> Exercise instructions: The lines below from the one with "前滩·东方湾位于上海市浦东新" up to and including the one with "Wine Enthusiast (Kitchen)" are what you should set down, exactly and without pictures.
Material provided START
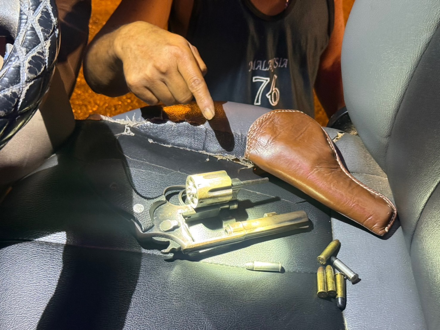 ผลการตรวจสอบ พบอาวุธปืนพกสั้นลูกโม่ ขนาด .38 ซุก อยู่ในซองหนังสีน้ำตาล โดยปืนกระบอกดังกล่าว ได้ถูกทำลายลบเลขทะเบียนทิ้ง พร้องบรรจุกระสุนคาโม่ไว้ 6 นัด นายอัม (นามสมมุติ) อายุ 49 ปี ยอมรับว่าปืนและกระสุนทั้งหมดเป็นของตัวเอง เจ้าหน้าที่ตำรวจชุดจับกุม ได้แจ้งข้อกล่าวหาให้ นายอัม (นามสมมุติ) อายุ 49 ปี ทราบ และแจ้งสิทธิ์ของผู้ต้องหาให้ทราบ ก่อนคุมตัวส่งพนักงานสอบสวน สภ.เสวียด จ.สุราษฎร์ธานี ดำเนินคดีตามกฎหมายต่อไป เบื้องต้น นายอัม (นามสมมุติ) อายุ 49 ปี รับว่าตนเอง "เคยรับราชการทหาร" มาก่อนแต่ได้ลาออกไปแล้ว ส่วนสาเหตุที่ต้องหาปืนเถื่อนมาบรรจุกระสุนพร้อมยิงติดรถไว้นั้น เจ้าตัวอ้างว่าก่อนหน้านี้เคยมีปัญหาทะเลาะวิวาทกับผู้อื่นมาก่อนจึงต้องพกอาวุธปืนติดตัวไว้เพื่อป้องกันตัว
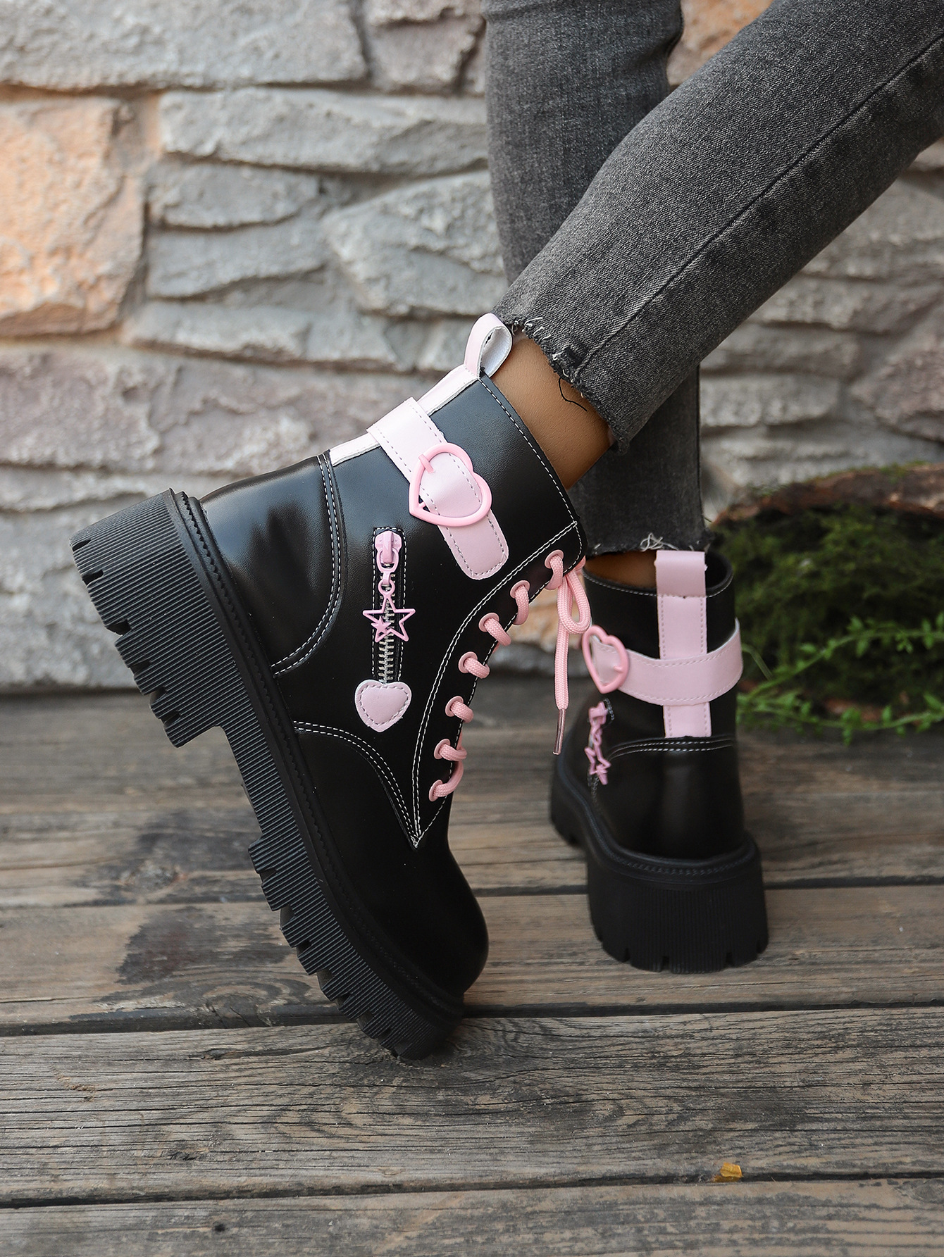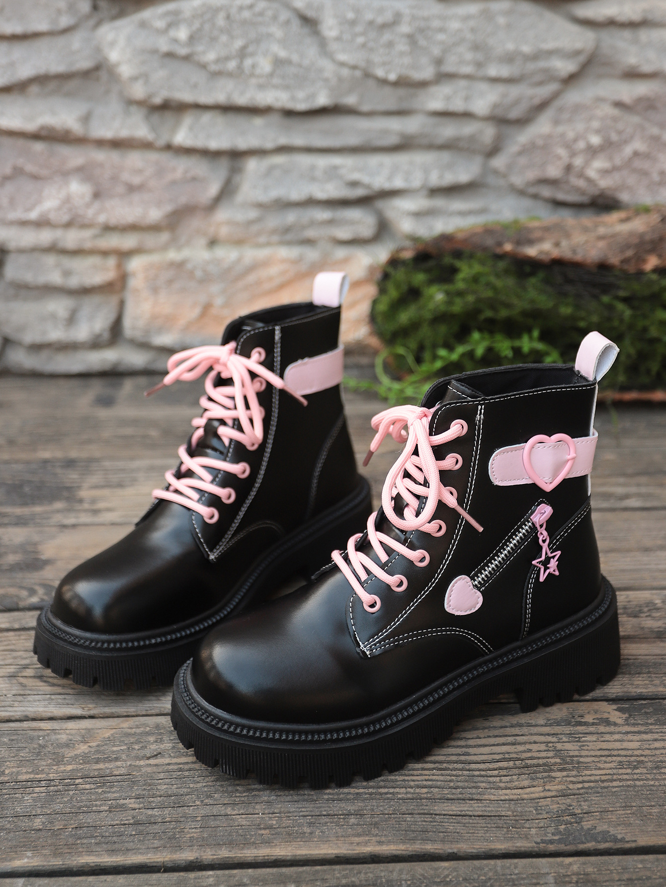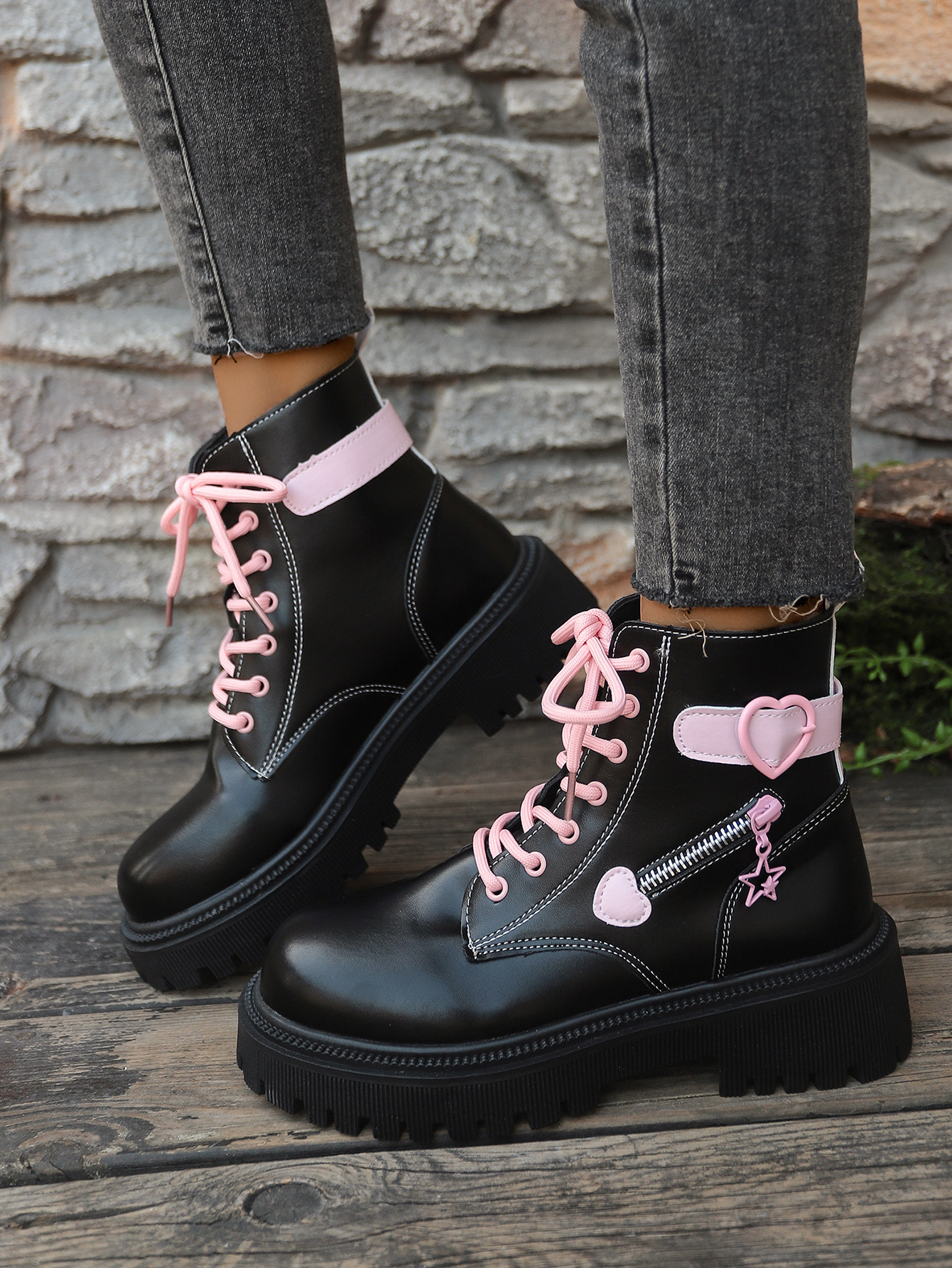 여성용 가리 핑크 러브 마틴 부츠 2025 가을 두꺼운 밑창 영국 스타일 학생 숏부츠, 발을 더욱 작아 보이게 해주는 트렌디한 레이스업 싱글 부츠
Material provided END
Material provided START
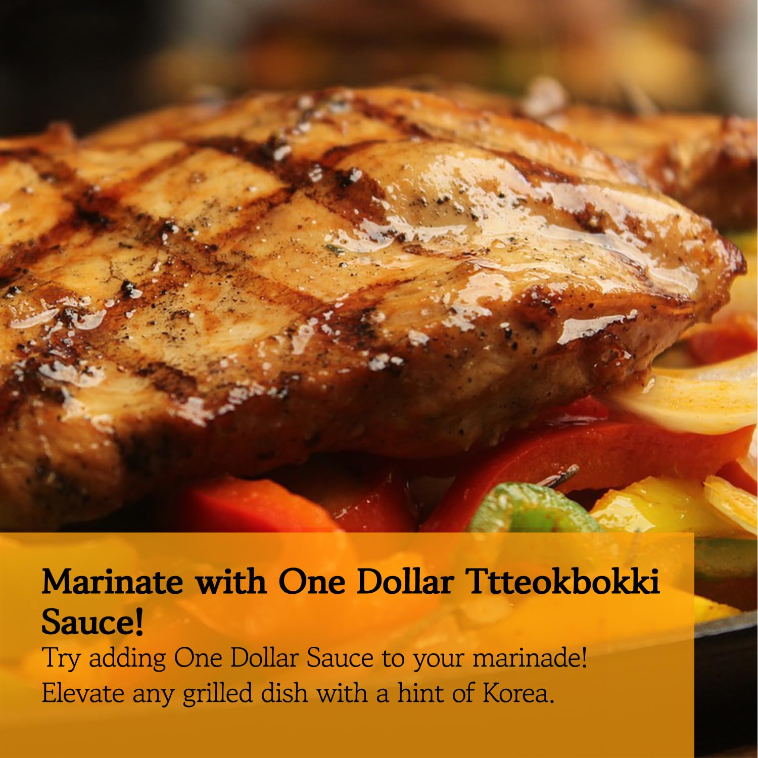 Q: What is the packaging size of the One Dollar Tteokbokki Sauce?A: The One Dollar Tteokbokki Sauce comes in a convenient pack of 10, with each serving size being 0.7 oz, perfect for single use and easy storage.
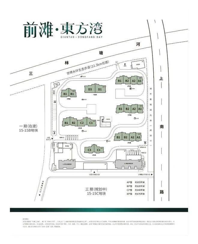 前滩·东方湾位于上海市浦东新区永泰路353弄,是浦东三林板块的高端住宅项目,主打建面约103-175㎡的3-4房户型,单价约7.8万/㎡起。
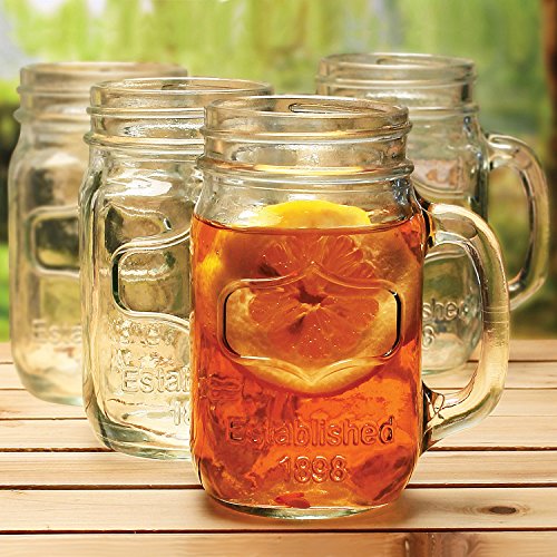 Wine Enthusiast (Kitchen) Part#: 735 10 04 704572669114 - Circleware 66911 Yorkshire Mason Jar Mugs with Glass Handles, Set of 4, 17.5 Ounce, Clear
Material provided END
> Response:
 前滩·东方湾位于上海市浦东新区永泰路353弄,是浦东三林板块的高端住宅项目,主打建面约103-175㎡的3-4房户型,单价约7.8万/㎡起。
 Wine Enthusiast (Kitchen) Part#: 735 10 04 704572669114 - Circleware 66911 Yorkshire Mason Jar Mugs with Glass Handles, Set of 4, 17.5 Ounce, Clear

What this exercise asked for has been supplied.